** What to work on **
Using the records below, write out again exactly the lines that begin at the line containing "第8条 補助金の交付決定を受" and end at the line containing "Emballage: 1 - 1", and no other lines.

** Data **
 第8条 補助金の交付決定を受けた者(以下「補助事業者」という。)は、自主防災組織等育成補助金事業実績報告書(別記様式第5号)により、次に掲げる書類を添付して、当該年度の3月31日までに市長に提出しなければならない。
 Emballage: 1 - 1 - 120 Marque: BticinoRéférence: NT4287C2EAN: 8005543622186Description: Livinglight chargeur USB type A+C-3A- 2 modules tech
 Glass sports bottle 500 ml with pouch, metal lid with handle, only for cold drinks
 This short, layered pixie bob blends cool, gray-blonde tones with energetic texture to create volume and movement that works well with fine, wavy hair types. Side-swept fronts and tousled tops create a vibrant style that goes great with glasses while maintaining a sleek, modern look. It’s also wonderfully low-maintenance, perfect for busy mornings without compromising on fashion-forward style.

==

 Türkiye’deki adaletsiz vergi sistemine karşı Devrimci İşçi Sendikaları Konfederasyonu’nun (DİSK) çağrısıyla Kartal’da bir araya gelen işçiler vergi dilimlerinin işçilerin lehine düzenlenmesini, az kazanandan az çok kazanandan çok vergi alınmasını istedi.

...

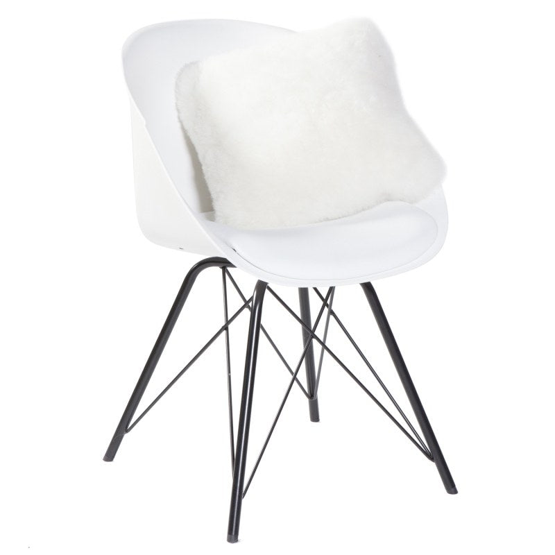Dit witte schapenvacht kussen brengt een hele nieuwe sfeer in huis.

** Problem solution **
 第8条 補助金の交付決定を受けた者(以下「補助事業者」という。)は、自主防災組織等育成補助金事業実績報告書(別記様式第5号)により、次に掲げる書類を添付して、当該年度の3月31日までに市長に提出しなければならない。
 Emballage: 1 - 1 - 120 Marque: BticinoRéférence: NT4287C2EAN: 8005543622186Description: Livinglight chargeur USB type A+C-3A- 2 modules tech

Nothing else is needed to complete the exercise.